Data shown:
────────────────────

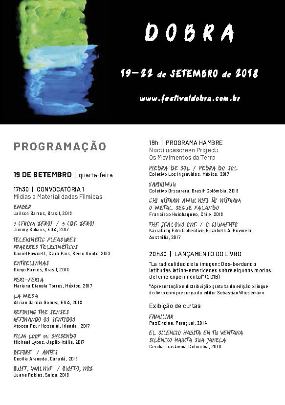 Dobra 2018 – Programação_Página_1 Publicado septiembre 17, 2018 en 583 × 827 en Hambre no IV DOBRA – Festival Internacional de Cinema Experimental, Brasil ← Anterior Siguiente →
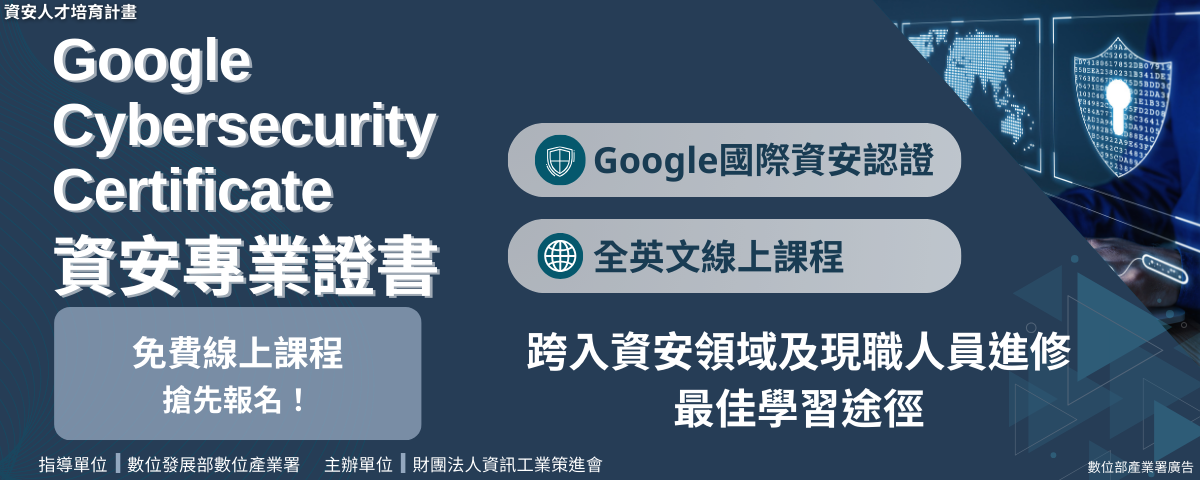 《115年第1梯次報名》Google Cybersecurity Certificate資安專業證書
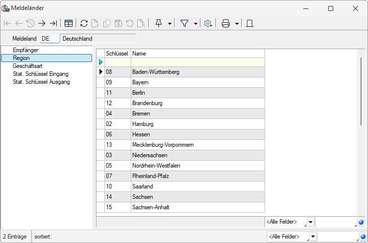 Für das Meldeland Deutschland werden die Regionen (Bundesländer) mitgeliefert. Sie können in den Länderbezogenen statistischen Artikelangaben und in den Meldungen als Ursprungsregion verwendet werden.

────────────────────

Copy the entire listing exactly but skip the pictures.

Answer to this task:
 Dobra 2018 – Programação_Página_1 Publicado septiembre 17, 2018 en 583 × 827 en Hambre no IV DOBRA – Festival Internacional de Cinema Experimental, Brasil ← Anterior Siguiente →
 《115年第1梯次報名》Google Cybersecurity Certificate資安專業證書
 Für das Meldeland Deutschland werden die Regionen (Bundesländer) mitgeliefert. Sie können in den Länderbezogenen statistischen Artikelangaben und in den Meldungen als Ursprungsregion verwendet werden.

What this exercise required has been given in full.